> **EXERCISE DETAILS**
Reproduce the records below exactly, leaving out any pictures.
START STUDY MATERIAL
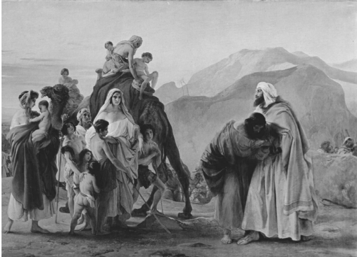
zmierenie Jakuba s Ezauom v Kanaáne od Francesca Hayzesa

Predtým, ako prežil Jakub tento nočný boj so samotným Bohom, nechal Jakub kráčať
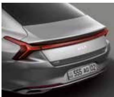
Жарықдиодты артқы аралас шамдар
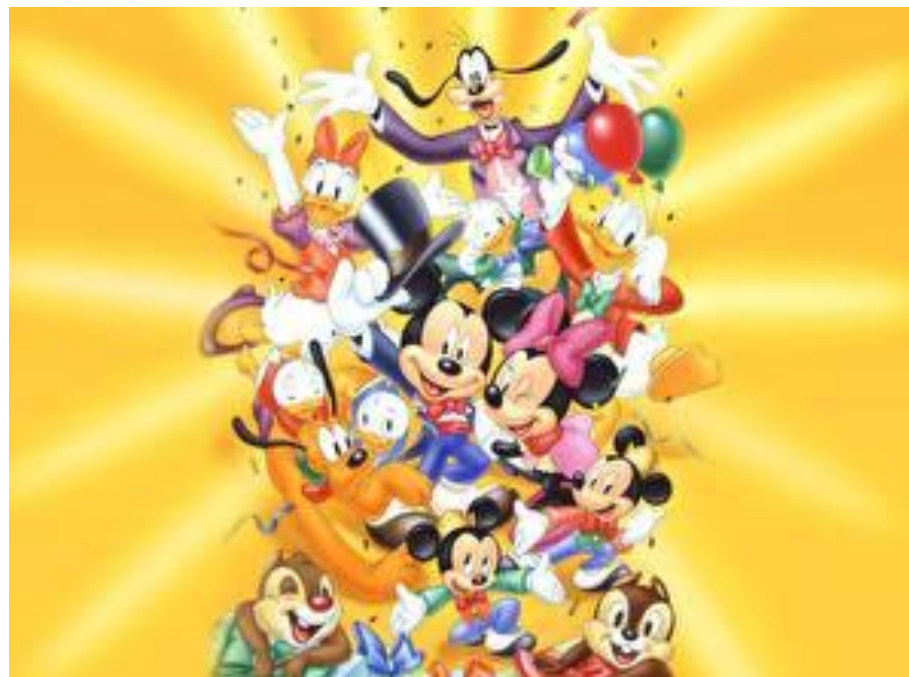
Микки Маус и его друзья
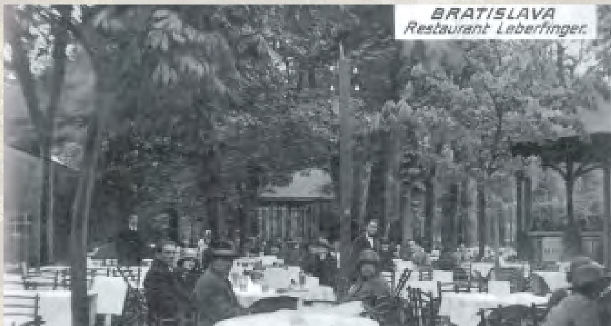
Historická fotografia – terasa Leberfingeru.
END STUDY MATERIAL
> **RESPONSE TO THIS EXERCISE**
zmierenie Jakuba s Ezauom v Kanaáne od Francesca Hayzesa

Predtým, ako prežil Jakub tento nočný boj so samotným Bohom, nechal Jakub kráčať
Жарықдиодты артқы аралас шамдар
Микки Маус и его друзья
Historická fotografia – terasa Leberfingeru.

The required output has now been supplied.